Frana su ex ferrovia Spoleto-Norcia Uno smottamento ha fatto piombare sul percorso riservato a ciclisti e pedoni rocce anche di grosse dimensioni, staccatisi dalla montagna che costeggia l’itinerario, su cui non risultano ancorate le reti a maglie metalliche di contenimento. L’unica opera in questo senso è un muro basso di pietra e roccia che nulla ha potuto contro il movimento franoso, tanto che ha subito un significativo cedimento.
Segnalazione all’assessore Silvano Rometti L’Mtb club di Luca Ministrini ha già provveduto a segnalare formalmente l’accaduto alla Regione, in particolare all’assessore Silvano Rometti, tornando di fatto ad accendere i riflettori sul futuro della gestione dell’ex ferrovia Spoleto-Norcia. Un nodo che le istituzioni, da Regione fino a Umbria mobilità, passando agli amministratori dei comuni attraversati dal tracciato, non hanno ancora sciolto.

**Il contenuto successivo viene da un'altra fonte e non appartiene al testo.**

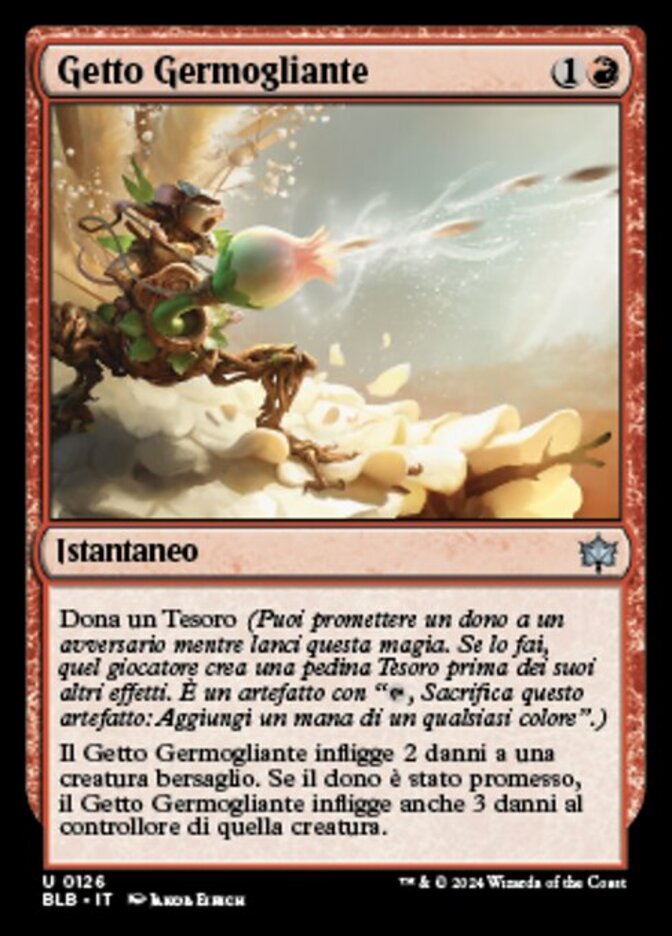 | Rules | Gift a Treasure (You may promise an opponent a gift as you cast this spell. If you do, they create a Treasure token before its other effects. It's an artifact with ", Sacrifice this artifact: Add one mana of any color.") Blooming Blast deals 2 damage to target creature. If the gift was promised, Blooming Blast also deals 3 damage to that creature's controller. |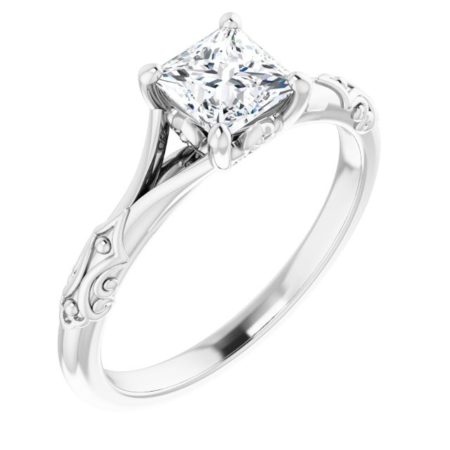 Zuri Women's 14K Gold Princess Cut Natural Diamond Solitaire Thin Split Shank Engagement Ring | Prong Set

Nodo gestione Anche perché il tracciato che si allunga tra boschi incontaminati necessita per ovvi motivi di frequenti manutenzioni, che spesso gli stessi atleti dell’Mtb club, con generosità eseguono durante le loro uscite sportive, fermandosi a rimuovere rami e rocce che periodicamente ingombrano il tracciato. Ma è evidente che quando a muoversi è la montagna, come nel caso della frana tra Piedipaterno e Borgo Cerreto, tratto in cui peraltro sono stati recentemente ultimati i lavori di posa in opera della fibra ottica, o a piombare sul tracciato è un arbusto di grosse dimensioni, la generosità non basta.
Circa 800 mila euro per completare Spoleto-Assisi Intanto mercoledì proprio Rometti ha annunciato l’approvazione dello schema di Accordi di programma per la realizzazione della ciclopedonale Rivotorto-Santa Maria degli Ageli. Un intervento, questo, da circa 800 mila euro che completerà l’itinerario Spoleto-Assisi da collegarsi con una ciclabile urbana di 5 chilometri alla ex ferrovia Spoleto-Norcia, così da realizzare un percorso di mobilità dolce di oltre 110 chilometri.